(TO DO):
Nothing outside the range below should be printed. Output exactly the lines from the line with "화개장터로 유명한 하동은" to the line with "Συγκεκριμένα, όπως τονίζει", both included.

━━━━━ INPUT DATA ━━━━━

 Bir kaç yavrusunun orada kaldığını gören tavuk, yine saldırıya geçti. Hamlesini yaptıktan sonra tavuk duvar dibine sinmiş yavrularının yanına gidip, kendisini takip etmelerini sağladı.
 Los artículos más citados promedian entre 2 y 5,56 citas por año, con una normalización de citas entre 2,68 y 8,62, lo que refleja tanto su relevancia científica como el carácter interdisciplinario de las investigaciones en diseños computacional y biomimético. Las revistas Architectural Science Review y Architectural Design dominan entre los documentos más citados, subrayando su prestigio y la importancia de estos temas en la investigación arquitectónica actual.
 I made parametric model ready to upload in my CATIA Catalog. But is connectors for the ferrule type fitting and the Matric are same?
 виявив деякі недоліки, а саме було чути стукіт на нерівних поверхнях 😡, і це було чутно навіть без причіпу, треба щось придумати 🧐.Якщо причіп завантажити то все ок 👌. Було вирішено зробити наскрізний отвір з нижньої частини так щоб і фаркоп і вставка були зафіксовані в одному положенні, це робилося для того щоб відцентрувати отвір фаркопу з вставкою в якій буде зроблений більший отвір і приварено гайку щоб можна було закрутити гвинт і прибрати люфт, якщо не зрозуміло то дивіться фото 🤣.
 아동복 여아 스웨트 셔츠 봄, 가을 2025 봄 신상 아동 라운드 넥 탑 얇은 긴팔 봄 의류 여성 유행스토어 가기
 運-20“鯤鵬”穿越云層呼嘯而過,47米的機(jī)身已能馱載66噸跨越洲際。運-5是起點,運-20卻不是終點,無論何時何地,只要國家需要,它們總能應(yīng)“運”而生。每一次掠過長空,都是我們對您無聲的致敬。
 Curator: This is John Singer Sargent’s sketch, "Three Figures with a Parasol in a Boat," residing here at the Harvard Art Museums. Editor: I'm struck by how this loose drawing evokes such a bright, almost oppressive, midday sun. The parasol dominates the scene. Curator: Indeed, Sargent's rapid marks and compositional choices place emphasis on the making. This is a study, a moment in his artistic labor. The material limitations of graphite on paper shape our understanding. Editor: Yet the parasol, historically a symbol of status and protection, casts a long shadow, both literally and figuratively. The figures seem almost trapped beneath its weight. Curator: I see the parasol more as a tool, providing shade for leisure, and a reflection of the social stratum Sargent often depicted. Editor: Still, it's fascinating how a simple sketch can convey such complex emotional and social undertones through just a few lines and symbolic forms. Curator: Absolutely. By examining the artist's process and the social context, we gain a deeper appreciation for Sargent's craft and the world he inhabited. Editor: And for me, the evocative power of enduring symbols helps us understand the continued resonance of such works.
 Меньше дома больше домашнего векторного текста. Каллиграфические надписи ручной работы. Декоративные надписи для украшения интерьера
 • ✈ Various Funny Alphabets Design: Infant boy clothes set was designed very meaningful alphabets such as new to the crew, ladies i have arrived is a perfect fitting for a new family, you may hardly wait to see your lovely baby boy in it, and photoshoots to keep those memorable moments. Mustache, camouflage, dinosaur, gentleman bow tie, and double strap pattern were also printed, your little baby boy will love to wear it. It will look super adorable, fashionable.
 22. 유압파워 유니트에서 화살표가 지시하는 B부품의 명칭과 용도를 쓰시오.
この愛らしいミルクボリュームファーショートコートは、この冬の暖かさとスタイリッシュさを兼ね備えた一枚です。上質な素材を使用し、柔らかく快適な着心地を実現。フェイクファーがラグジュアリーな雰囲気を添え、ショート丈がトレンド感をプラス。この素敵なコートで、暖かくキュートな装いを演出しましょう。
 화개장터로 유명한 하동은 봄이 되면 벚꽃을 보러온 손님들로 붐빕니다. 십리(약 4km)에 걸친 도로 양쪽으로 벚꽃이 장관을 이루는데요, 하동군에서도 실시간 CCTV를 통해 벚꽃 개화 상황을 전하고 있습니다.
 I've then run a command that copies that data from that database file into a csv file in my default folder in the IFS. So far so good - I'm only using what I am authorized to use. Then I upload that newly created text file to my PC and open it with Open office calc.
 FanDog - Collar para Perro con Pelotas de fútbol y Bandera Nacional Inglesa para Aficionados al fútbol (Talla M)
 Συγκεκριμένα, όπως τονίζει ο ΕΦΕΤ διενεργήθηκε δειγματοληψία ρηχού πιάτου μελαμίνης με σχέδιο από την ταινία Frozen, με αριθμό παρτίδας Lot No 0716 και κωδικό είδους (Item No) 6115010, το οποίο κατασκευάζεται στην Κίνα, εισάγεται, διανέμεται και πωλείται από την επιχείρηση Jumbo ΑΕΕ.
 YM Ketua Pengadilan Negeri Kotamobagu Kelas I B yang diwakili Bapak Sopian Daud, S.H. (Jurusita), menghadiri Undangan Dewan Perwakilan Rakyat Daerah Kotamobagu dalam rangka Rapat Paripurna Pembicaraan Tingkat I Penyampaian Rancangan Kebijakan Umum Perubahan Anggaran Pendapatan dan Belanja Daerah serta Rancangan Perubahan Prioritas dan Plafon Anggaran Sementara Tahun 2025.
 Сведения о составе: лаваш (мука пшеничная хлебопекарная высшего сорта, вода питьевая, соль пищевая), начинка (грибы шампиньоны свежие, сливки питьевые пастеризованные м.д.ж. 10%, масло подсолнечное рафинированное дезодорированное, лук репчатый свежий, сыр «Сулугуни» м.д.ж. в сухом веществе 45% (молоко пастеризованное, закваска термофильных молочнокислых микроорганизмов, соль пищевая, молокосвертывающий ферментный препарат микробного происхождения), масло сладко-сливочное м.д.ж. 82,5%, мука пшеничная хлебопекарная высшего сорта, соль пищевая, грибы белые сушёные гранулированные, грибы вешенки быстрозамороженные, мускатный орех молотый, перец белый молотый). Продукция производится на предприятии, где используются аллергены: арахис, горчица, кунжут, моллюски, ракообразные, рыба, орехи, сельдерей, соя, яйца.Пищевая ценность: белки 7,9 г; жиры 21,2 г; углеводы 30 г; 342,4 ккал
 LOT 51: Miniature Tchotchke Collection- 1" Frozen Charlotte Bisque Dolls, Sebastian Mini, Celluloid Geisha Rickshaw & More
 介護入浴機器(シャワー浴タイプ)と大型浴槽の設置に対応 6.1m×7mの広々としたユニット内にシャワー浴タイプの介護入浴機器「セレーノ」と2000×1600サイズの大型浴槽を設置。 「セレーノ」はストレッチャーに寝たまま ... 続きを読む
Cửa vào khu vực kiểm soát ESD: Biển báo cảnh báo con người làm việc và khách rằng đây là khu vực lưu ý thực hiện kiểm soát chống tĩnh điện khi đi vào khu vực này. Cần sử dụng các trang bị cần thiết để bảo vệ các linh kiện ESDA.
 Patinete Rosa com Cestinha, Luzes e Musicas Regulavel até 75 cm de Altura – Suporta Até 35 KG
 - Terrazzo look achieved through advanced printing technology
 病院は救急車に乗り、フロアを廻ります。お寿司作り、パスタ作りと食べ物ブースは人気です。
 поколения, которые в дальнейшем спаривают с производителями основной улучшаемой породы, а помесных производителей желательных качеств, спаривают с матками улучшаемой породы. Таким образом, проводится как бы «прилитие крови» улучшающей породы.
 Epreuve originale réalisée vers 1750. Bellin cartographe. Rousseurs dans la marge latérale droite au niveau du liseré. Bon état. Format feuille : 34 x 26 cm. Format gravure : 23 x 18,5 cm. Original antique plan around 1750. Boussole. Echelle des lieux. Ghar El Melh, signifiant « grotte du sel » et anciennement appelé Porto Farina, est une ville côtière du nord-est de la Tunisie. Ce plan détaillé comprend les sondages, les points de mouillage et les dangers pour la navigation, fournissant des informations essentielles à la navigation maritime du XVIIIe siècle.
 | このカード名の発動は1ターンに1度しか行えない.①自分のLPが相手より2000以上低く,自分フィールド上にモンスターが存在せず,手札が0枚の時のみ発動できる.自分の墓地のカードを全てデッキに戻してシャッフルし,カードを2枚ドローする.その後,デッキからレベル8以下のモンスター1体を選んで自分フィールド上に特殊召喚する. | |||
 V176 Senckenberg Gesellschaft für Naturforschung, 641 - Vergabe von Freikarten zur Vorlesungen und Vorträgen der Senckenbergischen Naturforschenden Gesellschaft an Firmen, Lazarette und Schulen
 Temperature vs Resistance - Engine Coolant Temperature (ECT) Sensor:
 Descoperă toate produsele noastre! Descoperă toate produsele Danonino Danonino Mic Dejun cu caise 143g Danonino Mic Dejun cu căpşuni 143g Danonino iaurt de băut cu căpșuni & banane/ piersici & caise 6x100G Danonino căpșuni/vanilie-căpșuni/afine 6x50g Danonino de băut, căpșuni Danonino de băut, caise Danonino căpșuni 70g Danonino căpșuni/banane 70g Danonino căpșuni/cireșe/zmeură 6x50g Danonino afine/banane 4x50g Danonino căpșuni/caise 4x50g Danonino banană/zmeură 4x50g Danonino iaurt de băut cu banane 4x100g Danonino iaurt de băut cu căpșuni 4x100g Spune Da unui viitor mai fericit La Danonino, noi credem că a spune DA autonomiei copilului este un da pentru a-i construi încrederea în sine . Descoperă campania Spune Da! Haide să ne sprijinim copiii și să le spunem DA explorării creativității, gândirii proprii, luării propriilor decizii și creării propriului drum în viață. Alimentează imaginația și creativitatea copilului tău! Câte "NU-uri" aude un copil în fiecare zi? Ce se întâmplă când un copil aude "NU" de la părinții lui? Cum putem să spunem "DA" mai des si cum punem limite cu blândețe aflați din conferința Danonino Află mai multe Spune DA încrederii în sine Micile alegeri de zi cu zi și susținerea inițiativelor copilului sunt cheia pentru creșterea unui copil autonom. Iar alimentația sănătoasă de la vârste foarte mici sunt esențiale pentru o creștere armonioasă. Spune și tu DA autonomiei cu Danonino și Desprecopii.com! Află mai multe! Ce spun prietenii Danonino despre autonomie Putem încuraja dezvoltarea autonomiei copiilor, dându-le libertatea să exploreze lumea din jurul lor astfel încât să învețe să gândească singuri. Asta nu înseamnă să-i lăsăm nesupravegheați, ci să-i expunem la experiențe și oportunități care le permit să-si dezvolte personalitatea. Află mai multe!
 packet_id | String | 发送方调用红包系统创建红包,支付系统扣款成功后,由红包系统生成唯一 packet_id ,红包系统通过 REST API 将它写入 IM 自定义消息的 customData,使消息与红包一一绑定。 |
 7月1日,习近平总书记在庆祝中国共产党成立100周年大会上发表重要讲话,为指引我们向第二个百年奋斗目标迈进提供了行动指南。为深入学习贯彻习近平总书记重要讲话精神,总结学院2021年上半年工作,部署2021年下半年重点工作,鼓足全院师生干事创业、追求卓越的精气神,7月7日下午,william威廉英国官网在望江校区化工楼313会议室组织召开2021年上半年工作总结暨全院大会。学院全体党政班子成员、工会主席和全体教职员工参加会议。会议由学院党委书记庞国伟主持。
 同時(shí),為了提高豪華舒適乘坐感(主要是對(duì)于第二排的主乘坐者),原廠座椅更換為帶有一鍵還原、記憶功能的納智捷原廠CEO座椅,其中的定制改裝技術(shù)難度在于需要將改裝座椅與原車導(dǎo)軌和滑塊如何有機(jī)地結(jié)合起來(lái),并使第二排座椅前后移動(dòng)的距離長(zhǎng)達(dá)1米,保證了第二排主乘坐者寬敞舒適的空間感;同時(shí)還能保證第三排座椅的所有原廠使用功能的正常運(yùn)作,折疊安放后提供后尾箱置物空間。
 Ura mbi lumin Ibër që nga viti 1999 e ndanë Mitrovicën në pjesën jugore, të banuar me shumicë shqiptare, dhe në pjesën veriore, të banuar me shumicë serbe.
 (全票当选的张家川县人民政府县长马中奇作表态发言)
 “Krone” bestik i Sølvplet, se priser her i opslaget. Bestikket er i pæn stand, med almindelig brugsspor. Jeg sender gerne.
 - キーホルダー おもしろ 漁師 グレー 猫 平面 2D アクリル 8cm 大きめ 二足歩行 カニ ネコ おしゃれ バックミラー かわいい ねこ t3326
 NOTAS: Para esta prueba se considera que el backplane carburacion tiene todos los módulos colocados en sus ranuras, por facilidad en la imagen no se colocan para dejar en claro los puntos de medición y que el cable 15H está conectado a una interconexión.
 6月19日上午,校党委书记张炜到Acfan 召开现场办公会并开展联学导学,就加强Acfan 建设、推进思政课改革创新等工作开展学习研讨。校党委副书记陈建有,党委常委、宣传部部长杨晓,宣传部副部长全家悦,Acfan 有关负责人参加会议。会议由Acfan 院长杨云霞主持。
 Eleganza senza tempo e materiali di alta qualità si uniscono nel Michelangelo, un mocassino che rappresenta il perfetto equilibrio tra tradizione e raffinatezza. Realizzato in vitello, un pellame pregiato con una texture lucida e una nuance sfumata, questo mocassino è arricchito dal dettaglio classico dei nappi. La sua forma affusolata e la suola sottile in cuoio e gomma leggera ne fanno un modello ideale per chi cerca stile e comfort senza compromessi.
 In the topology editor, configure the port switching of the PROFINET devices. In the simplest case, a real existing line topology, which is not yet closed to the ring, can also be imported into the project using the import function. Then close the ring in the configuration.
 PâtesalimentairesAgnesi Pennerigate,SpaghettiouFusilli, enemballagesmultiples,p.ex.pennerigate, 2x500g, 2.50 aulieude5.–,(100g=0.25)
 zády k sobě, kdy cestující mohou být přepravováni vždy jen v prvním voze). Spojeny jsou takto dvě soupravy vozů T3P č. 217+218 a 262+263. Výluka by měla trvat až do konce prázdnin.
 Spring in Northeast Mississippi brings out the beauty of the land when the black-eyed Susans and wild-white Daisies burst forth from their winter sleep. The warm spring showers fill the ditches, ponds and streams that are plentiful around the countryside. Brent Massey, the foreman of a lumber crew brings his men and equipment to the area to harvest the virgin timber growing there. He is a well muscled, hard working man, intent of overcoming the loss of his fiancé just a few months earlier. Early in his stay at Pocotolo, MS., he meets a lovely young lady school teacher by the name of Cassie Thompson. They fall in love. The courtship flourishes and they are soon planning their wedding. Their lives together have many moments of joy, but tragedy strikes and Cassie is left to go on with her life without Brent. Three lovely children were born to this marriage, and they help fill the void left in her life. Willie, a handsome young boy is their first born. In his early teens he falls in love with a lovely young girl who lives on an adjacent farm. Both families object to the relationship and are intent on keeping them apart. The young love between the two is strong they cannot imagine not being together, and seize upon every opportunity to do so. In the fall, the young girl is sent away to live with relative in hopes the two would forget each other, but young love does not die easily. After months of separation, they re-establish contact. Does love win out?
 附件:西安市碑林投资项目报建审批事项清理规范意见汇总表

━━━━━

(THE ANSWER):
 화개장터로 유명한 하동은 봄이 되면 벚꽃을 보러온 손님들로 붐빕니다. 십리(약 4km)에 걸친 도로 양쪽으로 벚꽃이 장관을 이루는데요, 하동군에서도 실시간 CCTV를 통해 벚꽃 개화 상황을 전하고 있습니다.
 I've then run a command that copies that data from that database file into a csv file in my default folder in the IFS. So far so good - I'm only using what I am authorized to use. Then I upload that newly created text file to my PC and open it with Open office calc.
 FanDog - Collar para Perro con Pelotas de fútbol y Bandera Nacional Inglesa para Aficionados al fútbol (Talla M)
 Συγκεκριμένα, όπως τονίζει ο ΕΦΕΤ διενεργήθηκε δειγματοληψία ρηχού πιάτου μελαμίνης με σχέδιο από την ταινία Frozen, με αριθμό παρτίδας Lot No 0716 και κωδικό είδους (Item No) 6115010, το οποίο κατασκευάζεται στην Κίνα, εισάγεται, διανέμεται και πωλείται από την επιχείρηση Jumbo ΑΕΕ.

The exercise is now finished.